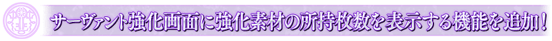 サーヴァント強化画面において、所持している強化素材の枚数をクラスごとに表示できるようにいたします。
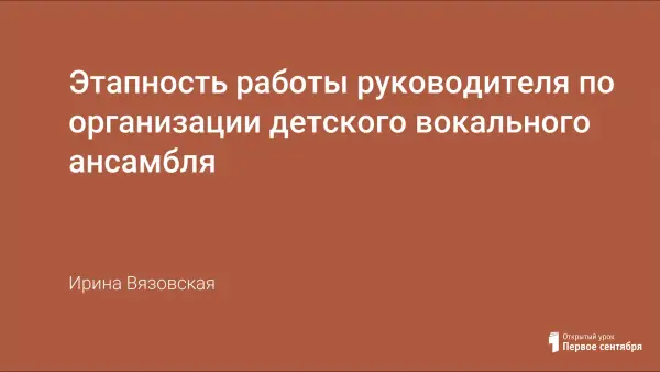 Процесс организации детского вокального коллектива проходит ряд этапов. Прием в ансамбль. Прослушивание детских голосов в ансамбль обычно проводится в два тура. Составление руководителем плана работы, где должны быть предусмотрены вопросы и задачи музыкально-теоретического и вокально-певческого развития учащихся. Родительское собрание. Необходимо приглашать врача-фониатра. Создание оптимальных условий для занятий ансамбля.
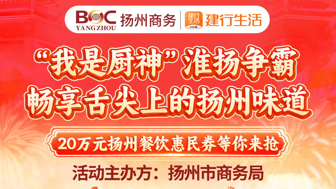 扬州将在现场推出总额达20万元的餐饮惠民券。此次发放的惠民券为满100元减50元券,限量4000张,每人限领1张。领券时间为2026年1月10日9:00-17:00,核销时间截至1月18日。市民可通过建行生活APP完成注册绑卡后,在活动页面领取,凭券前往扬州参与活动的近百家餐饮企业核销使用。
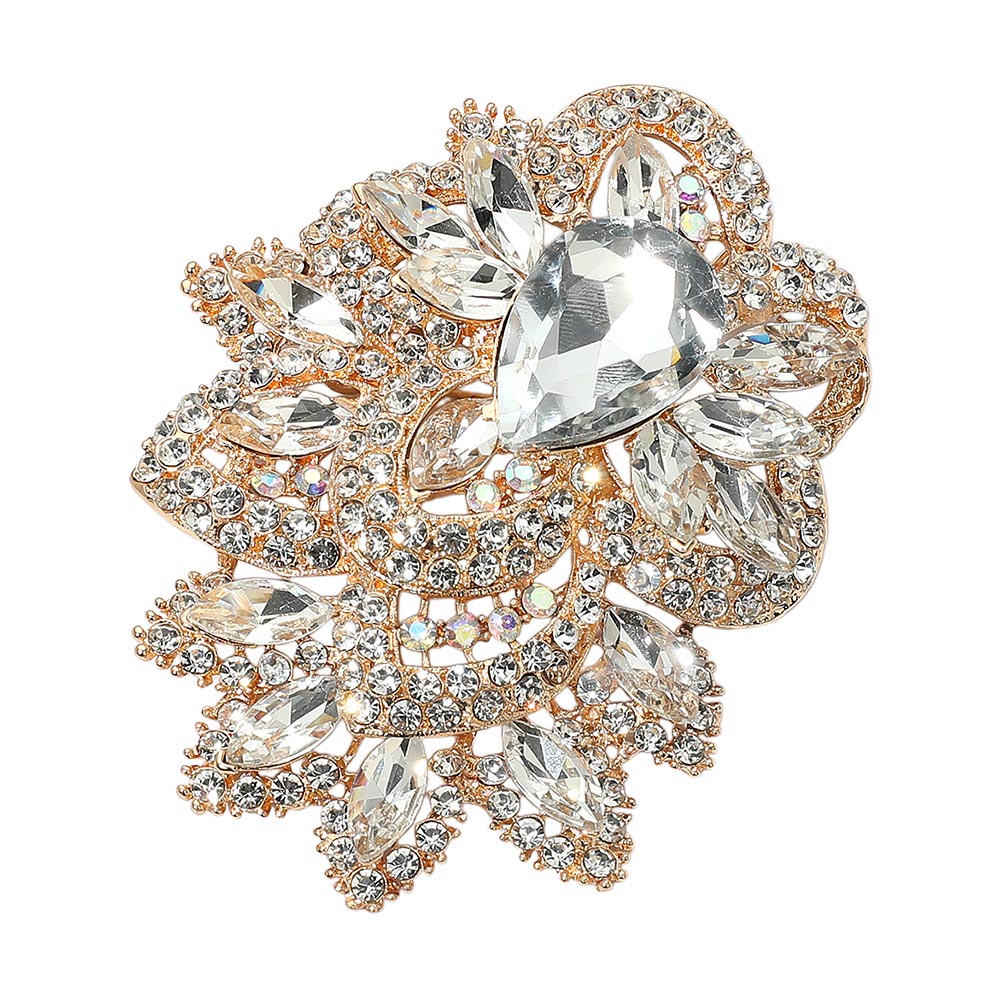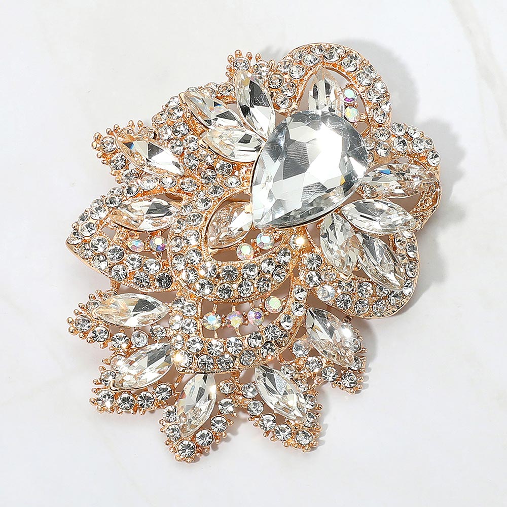 Bold Rhinestone Flower Statement Brooch Pendant
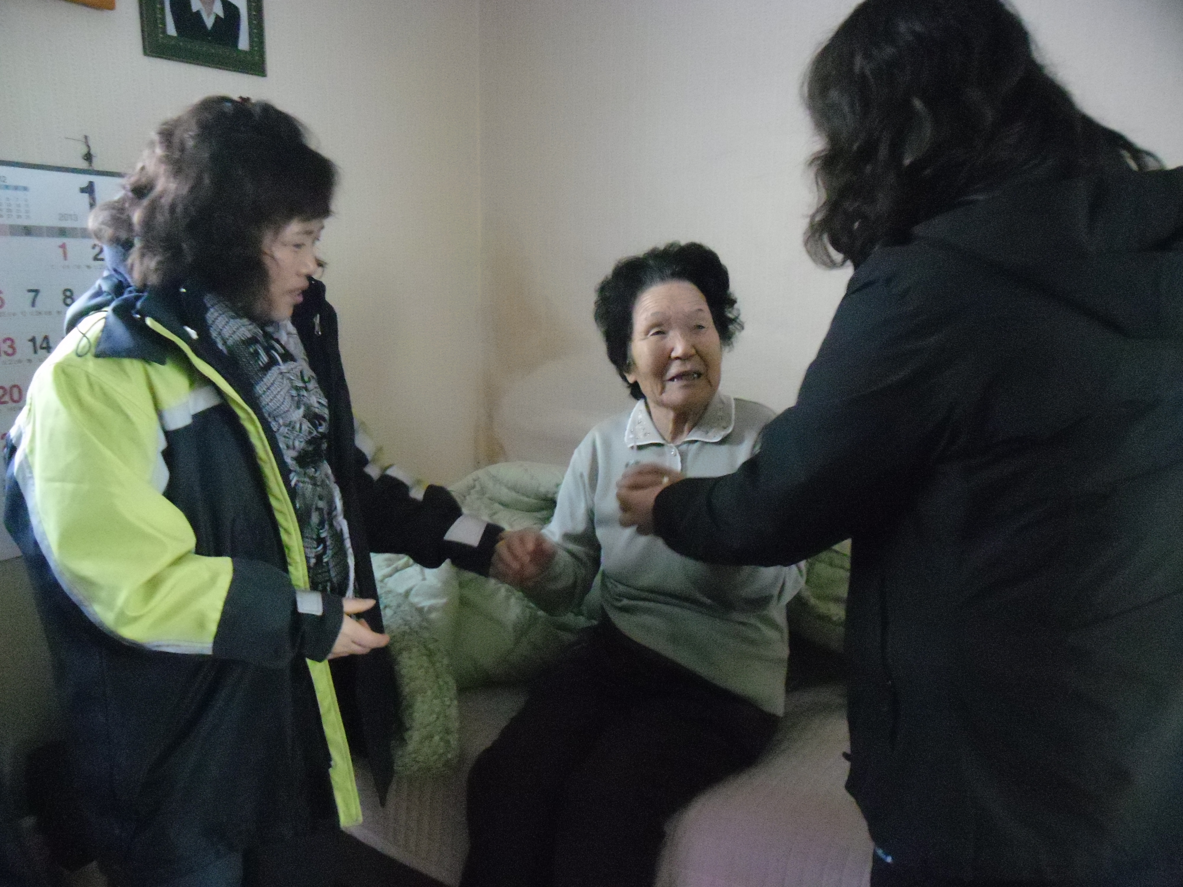 2013년 1월 23일 오후10~12시까지 흥업여성의용소방대는 (대장:이은희 외 총무부 6명) 흥업리에 사시는 독거노인에게 우리대원이 직접만든 반찬을 독거노인댁에 직접 배달하였습니다.
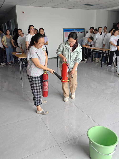 逃生演練結(jié)束后組織人員在貨梯門前空闊處進(jìn)行滅火演練及移動式消防器材的滅火演示,全體員工在專業(yè)人員的指導(dǎo)下進(jìn)行現(xiàn)場實(shí)地操作;安全員講解關(guān)于新址實(shí)驗(yàn)樓建筑消防設(shè)施、消防設(shè)備的性能特點(diǎn)及作用;使大家學(xué)習(xí)并了解新實(shí)驗(yàn)樓建筑的消防設(shè)施、消防設(shè)備及滅火器材的使用方法、注意事項(xiàng)。王俊峰院長就本次消防應(yīng)急逃生演練作總結(jié),并對今后的消防工作進(jìn)行安排部署。
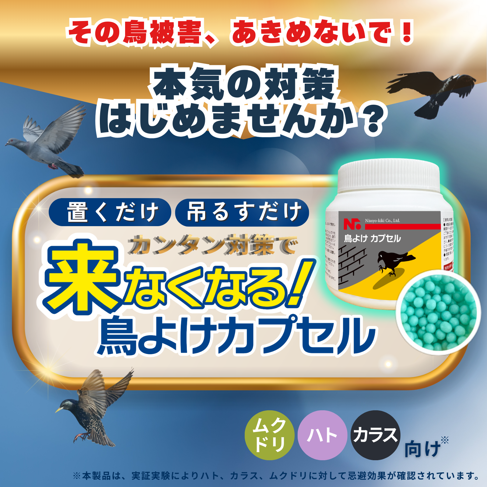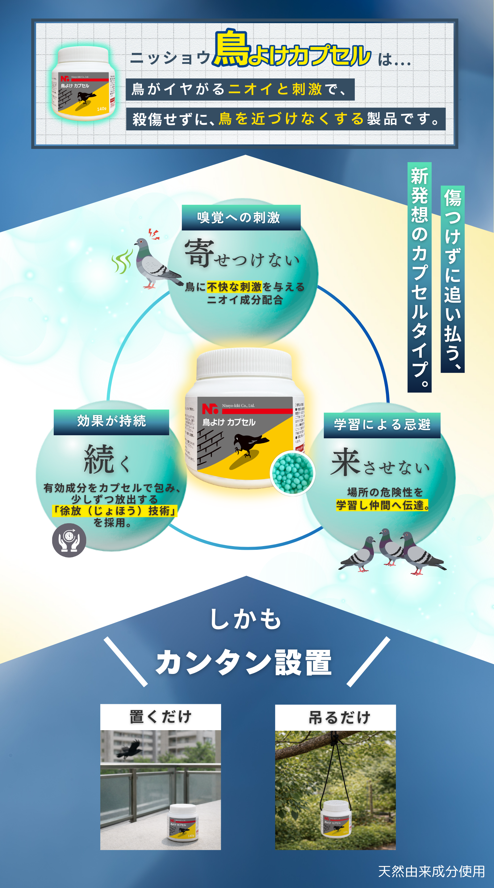 ニッショウ鳥よけカプセルは、「吊るす・置くだけ」で鳥を寄せつけない、超お手軽・高効果の忌避剤です。
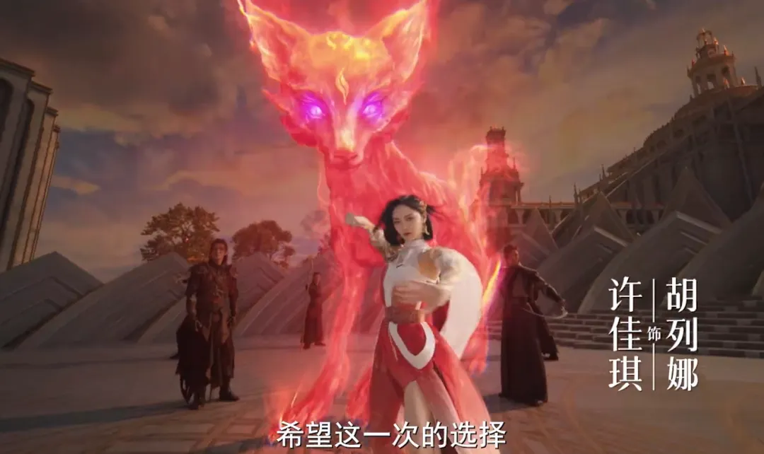 胡列娜的武魂是妖狐,素有天狐的美誉。许佳琪很贴合胡列娜,开武魂的时候,背后还有一条尾巴。可惜没有动漫里胡列娜魅惑五怪的剧情,不然肯定很有看点。
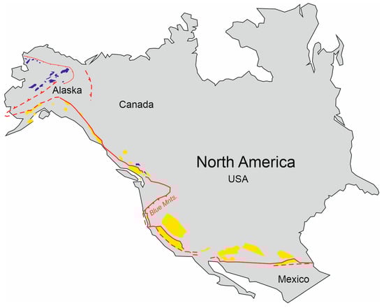 The Mexico–Alaska sinistral megashear (red line with red dotted extensions) with associated mid–late Jurassic pull-apart basins (yellow) and mélange (blue) simplified after [].
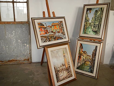 4 Oil paintings, Bruno Introvigne, Venetian views, 1970s

▶ Problem to work on:
Could you transcribe the records above exactly, leaving every picture out?

▶ Result of this task:
 サーヴァント強化画面において、所持している強化素材の枚数をクラスごとに表示できるようにいたします。
 Процесс организации детского вокального коллектива проходит ряд этапов. Прием в ансамбль. Прослушивание детских голосов в ансамбль обычно проводится в два тура. Составление руководителем плана работы, где должны быть предусмотрены вопросы и задачи музыкально-теоретического и вокально-певческого развития учащихся. Родительское собрание. Необходимо приглашать врача-фониатра. Создание оптимальных условий для занятий ансамбля.
 扬州将在现场推出总额达20万元的餐饮惠民券。此次发放的惠民券为满100元减50元券,限量4000张,每人限领1张。领券时间为2026年1月10日9:00-17:00,核销时间截至1月18日。市民可通过建行生活APP完成注册绑卡后,在活动页面领取,凭券前往扬州参与活动的近百家餐饮企业核销使用。
 Bold Rhinestone Flower Statement Brooch Pendant
 2013년 1월 23일 오후10~12시까지 흥업여성의용소방대는 (대장:이은희 외 총무부 6명) 흥업리에 사시는 독거노인에게 우리대원이 직접만든 반찬을 독거노인댁에 직접 배달하였습니다.
 逃生演練結(jié)束后組織人員在貨梯門前空闊處進(jìn)行滅火演練及移動式消防器材的滅火演示,全體員工在專業(yè)人員的指導(dǎo)下進(jìn)行現(xiàn)場實(shí)地操作;安全員講解關(guān)于新址實(shí)驗(yàn)樓建筑消防設(shè)施、消防設(shè)備的性能特點(diǎn)及作用;使大家學(xué)習(xí)并了解新實(shí)驗(yàn)樓建筑的消防設(shè)施、消防設(shè)備及滅火器材的使用方法、注意事項(xiàng)。王俊峰院長就本次消防應(yīng)急逃生演練作總結(jié),并對今后的消防工作進(jìn)行安排部署。
 ニッショウ鳥よけカプセルは、「吊るす・置くだけ」で鳥を寄せつけない、超お手軽・高効果の忌避剤です。
 胡列娜的武魂是妖狐,素有天狐的美誉。许佳琪很贴合胡列娜,开武魂的时候,背后还有一条尾巴。可惜没有动漫里胡列娜魅惑五怪的剧情,不然肯定很有看点。
 The Mexico–Alaska sinistral megashear (red line with red dotted extensions) with associated mid–late Jurassic pull-apart basins (yellow) and mélange (blue) simplified after [].
 4 Oil paintings, Bruno Introvigne, Venetian views, 1970s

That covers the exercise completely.